Scene classification is one of the most fundamental problems in computer vision. Visual saliency is used as a criterion for selecting local regions from where local features, e.g., HOG (Dalal and Triggs 2005), SIFT (Lowe 1999), are extracted. Kadir and Brady (2001) show that saliency, scale selection and content description are intrinsically related. In addtion to the local scale selection, the method considers saliency across scale as well as spatial dimensions. Siagian and Itti (2007) state that the gist feature (Oliva and Torralba 2001) can be useful in outdoor localization for a walking human, with straightforward application to autonomous mobile robotics. This capability reduces the need for detailed calibration in which a robot has to rely on the ad-hoc knowledge of designers for reliable landmarks. Frintrop and Jensfelt (2008) present a complete visual SLAM system, which includes feature detection, tracking, loop closing and active camera control. Landmarks are selected based on biological mechanisms that favor salient regions. They discover that the repeatability of salient regions is considerably higher than the regions from standard detectors. Borji and Itti (2011) propose an approach for scene classification by extracting and matching visual features only at the focuses of visual attention instead of the entire scene. They calculate the overall similarity between two images by matching the salient regions. The k nearest neighbors to the test image are retrieved and the class label of this image is assigned as the label of the most frequent class.

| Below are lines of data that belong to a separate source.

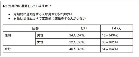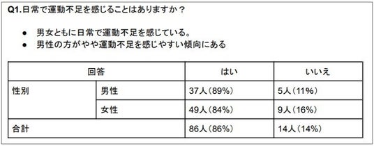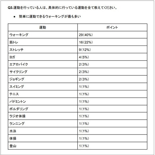運動不足解消に関する調査のサマリは下記のとおりです。
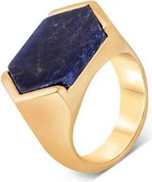 Abyssum Ring | Kompass Karte Nord Nautisch Ring Herren Edelstahl Designer Gold - Archat Blau - US 8
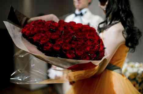 学校の先生をされているご新郎様に向けて生徒様から嬉しいサプライズムービーが届きました。思わず笑顔が溢れます。 また結婚式の結びには新郎様から新婦様へ“いつもありがとう”の想いを込めて、108本の薔薇をプレゼントされました。
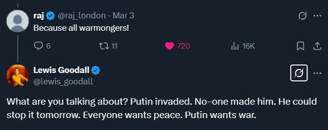 We are not supposed to hear the counter-arguments to Starmer’s position because those arguments would make the public think twice. People have to be convinced there is no alternative to war with Russia before they will go along with it. They have to be convinced that Russia is a supreme evil and Ukraine is noble and pure. This explains the following response from Lewis Goodall:
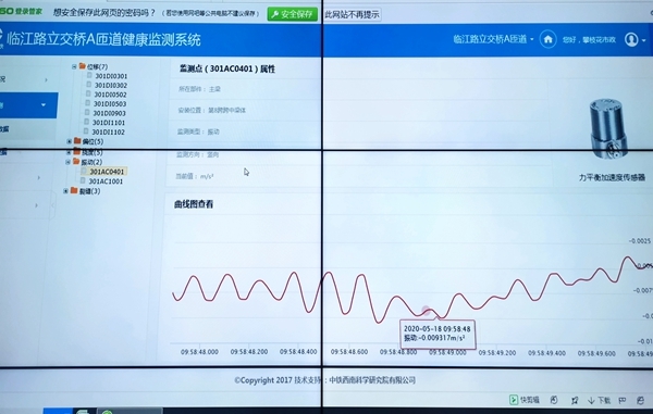 “看,监控显示刚刚一辆货车经过这个监测点,很直观地看到振动数据产生波动。” 攀枝花市市政公用设施服务中心办公室主任伍国丰点开大屏上“监测指标统计”板块,一段波状图再现了监控视频拍下的情景。“以前靠人工监测,现在传感器接收,效率更高、更准确。”桥梁的位移、挠度、偏位、振动、撞击、裂缝等指标变化,都是通过安装在桥墩顶部和桥面底部的传感器实时抓取。不仅如此,相关数据测量精度有所提升,“毫米级的裂缝也逃不过传感器的‘眼睛’。”
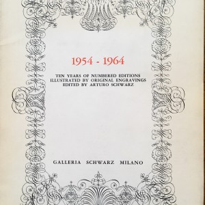 1954 – 1964 (i.e. Nineteen fifty-four – Nineteen sixty-four). Ten years of numbered editions illustrated by original engravings edited by Arturo Schwarz. (Cover title). Milan: Galleria Schwarz, 1964. (Catalogo n. 32).
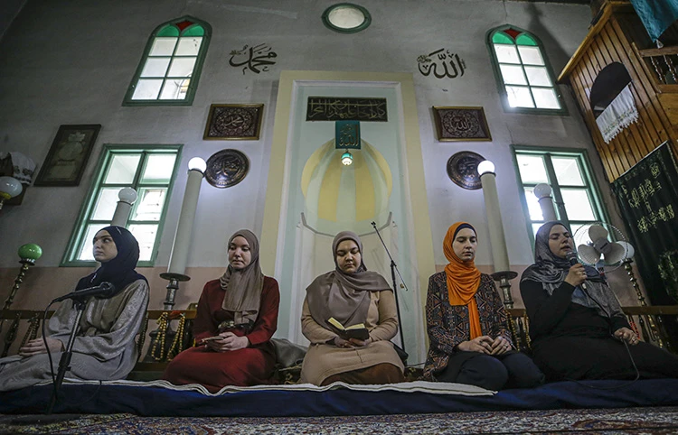 Saraybosna'daki Luzani Camisi'nde mektebe giden çocuklar mukabele okurken ülkede asırlardır korunan ramazan geleneklerinden kadınlar mukabelesi başkentteki Hacı Camisi'nde bu yıl da devam ediyor.
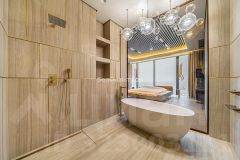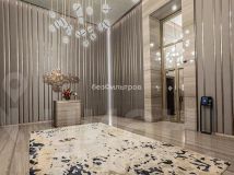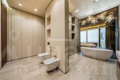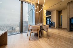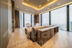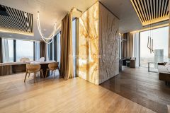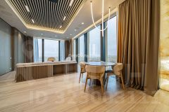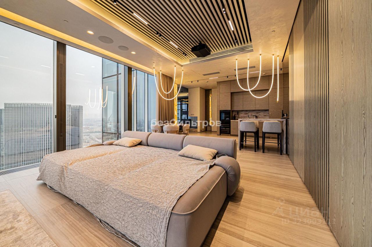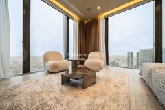 Апартамент с захватывающими видами на город с 63 этажа: Спальня, просторная кухня-гостиная, санузел с ванной чашей и душевой, гардеробные, постирочная...все выполнено в дизайнерской отделке из натуральных материалов высочайшего качества, с итальянской мебелью и техникой.

Object recognition aims to find the existence of a certain object in an image. The idea of using saliency is that not all parts of an image provide useful information. If we attend only to the relevant parts, we can recognize the image more quickly with less resources. Salah et al. (2002) develop a serial model for visual pattern recognition based on the primate selective attention mechanism. It simulates the primitive, bottom-up attentive level of the human visual system with a saliency scheme and the more complex, top-down, temporally sequential associative level with observable Markov models. Gao and Vasconcelos (2004), Gao et al. (2009) propose an alternative definition of saliency, denoted by discriminant saliency that is intrinsically grounded on the recognition problem. This work is based on the intuition that, for recognition, the salient features of a visual class are those that best distinguish it from all other visual classes of recognition interest. Rutishauser et al. (2004) use the object recognition algorithm by SIFT matching. Recognition is performed by matching keypoints found in the test image with stored object models. In their model, finding salient patches is done for learning and recognition before keypoints are extracted. The use of contrast modulation as a means of deploying object-based attention is motivated by neurophysiological experiments that show a tight link between luminance contrast and bottom-up attention as well as by its usefulness with respect to SIFT matching process.

Fig. 3
figure 3

Illustration of the saliency guided matching for images (ac) (Chen et al. 2012) and video (df) (Nguyen et al. 2015). The local features are pooled according to partition of b, e traditional SPM and c, f the saliency guided pooling illustration in the form of the heatmaps which superimpose the saliency maps onto the original color images/video frames. The figure shows the saliency-based framework is superior than SPM in object matching across different images. Images courtesy of Chen et al. (2012), Nguyen et al. (2015). For better viewing of all figures in this paper, please see original color pdf file

Meanwhile, Walther and Koch (2006) model the object recognition process as the networks of linear threshold units. Once a proto-object region is selected, the object recognition system will be able to form hypotheses about the identity of the attended objects. This will then in turn instruct the attentional system to focus on features or regions that would provide information for the verification or falsification of those hypotheses. Moosmann et al. (2006) combine bottom-up and top-down processes in a way that classification errors are much lower than using the bottom-up process alone. They propose a novel classifier that combines saliency maps with an object part classifier: prior knowledge stored in the classifier is used to simultaneously build the saliency map online as well as to provide information about the object class. Kanan and Cottrell (2010) propose an approach based upon two facets of the visual system: sparse visual features that capture the statistical regularities in natural scenes and sequential fixation-based visual attention. In particular, saliency maps are used as interest point operators. Their approach works well since it employs a non-parametric exemplar-based classifier. This yields several immediate benefits: it does not degrade the discriminability of the features and it employs a simple representation of spatial relationships. By replacing the first layer of the hierarchical architecture in Riesenhuber and Poggio (1999) with saliency networks, Han and Vasconcelos (2010) report that saliency has a significant positive impact on recognition. Additionally, max-based pooling does not appear to have an advantage over averaging, indicating that selecting discriminant features is more important than locating them exactly.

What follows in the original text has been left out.